December 14, 2012

plainclothes priesthood

Pigeons flutter and fuss outside my bedroom each morning. Engines rev. A sea of red-roofed buildings stretches below and around me, as far as the eye can see. By the time I wake up, the morning bustle has already started in our dusty, dry corner of Asia. I'm here; my new job has begun.

Much of the work of recent weeks has been preparatory for the hiring of new local staff. Interviewing and setting up interviews took a lot of time. Finding appropriate computers, furniture, lighting, window coverings, and more for our expanding office has been the focus of much energy. I'm learning software and procedures so that I can be of help in the weeks and months to come. As I write, a team member is patching English together with the local language, trying to communicate with a carpenter. Our team is busy with the work that lies before us.



I often think about the fact that a few years ago, I might have deemed this job as lesser than other kinds of Work. You know, more spiritual Work.

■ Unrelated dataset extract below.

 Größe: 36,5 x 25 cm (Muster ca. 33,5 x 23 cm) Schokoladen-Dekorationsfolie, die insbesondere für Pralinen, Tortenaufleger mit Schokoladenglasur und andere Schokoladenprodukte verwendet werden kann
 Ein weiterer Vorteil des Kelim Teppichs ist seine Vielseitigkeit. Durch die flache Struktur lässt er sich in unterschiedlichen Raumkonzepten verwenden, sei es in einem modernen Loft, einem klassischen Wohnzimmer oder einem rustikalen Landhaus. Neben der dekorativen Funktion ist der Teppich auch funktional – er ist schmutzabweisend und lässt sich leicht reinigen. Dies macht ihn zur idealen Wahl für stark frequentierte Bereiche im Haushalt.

But then Tozer challenged me:
"It is not what a man does that determines whether his work is sacred or secular, but why he does it. The motive is everything. Let a man sanctify the Lord God in his heart and he can thereafter do no common act."
I kept this statement on my wall for years as I pushed a mouse, implemented colour schemes and interacted with coworkers at my previous job in North America. It was part of a long, maybe life-long, process for me: learning what it means to do even common work in an uncommon way.

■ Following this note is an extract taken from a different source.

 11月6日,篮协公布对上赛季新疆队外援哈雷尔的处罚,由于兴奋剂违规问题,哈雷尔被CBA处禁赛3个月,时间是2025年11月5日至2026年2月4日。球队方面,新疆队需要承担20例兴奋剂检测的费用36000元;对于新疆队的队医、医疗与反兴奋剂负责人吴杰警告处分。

As I was preparing to move over to Asia, a fellow believer referred to my upcoming move for "secular employment." A friend and I laughed about it later—the comment sounded so cold. It sounded lesser than moving overseas for, you know, more spiritual Work. Like perhaps my highest goals were simply money and pleasure (an empty attitude for which any believer should be rebuked). But perhaps it showed how general Christian thinking sees a chasm between so-called "sacred" and "secular" vocations.



In the classic film Chariots of Fire, Eric Scott,
a gifted Scottish runner, speaks with his sister on a green Scottish hillside. She is frustrated with his fascination with making the Olympic team. She wants him to think of God's work in China and to stop pursuing his worldly goals of running. Foot racing to her is common, not spiritual.

I could relate to her concern, so Eric's reply challenged me. "God made me fast…. I feel the pleasure of God when I run. To give it up would be to hold Him in contempt." He knew there were pressing needs in China. But he also knew that not everyone could race in the Olympics, and that God had gifted him in that way. He had found his place for that time: using his physical ability to the glory of God. Today, Eric is more remembered for his Olympic participation than for his later work overseas. He showed that running, too, could be sacred: "the motive is everything."



Martin Luther instructed, "Believe in Christ and do whatever needs to be done in your profession." This simple sentence boils down one's life to its bare essentials: what you believe, and what you do. These would be two good questions for any believer to keep in mind each day:
(1) Am I believing in Christ today? and
(2) What needs to be done in my profession today?
I think Luther would agree that the answer to the first indelibly colours the second.

We often tote this idea that we can separate our inner life and our outer life. This is a false dichotomy. The two are intimately connected: with your inner man you believe, and with your outer man you act upon what you believe. You will work in a way that shows forth the reality of what you believe. If the way you carry out your profession is not affected by Christ, then I wonder if you believe in Him. Faith in Him will, it must, affect how you go about daily life and work, be you preacher or peddler.



Our world knows a lot about priests, capital "P"
. Just pick your culture and continent. Gurus who sit cross-legged in front of attentive audiences. Preachers in crisp shirts and ties with smiling, freshly-washed families. Monks trudging long paths in their orange robes. Priests in velvety gowns that ripple around their ankles. Shaman with their drums and ceremonies. Imams gathering followers in the parched Sahara. Humans look for spiritual leadership and are often attracted to the pomp and ceremony such leaders may provide.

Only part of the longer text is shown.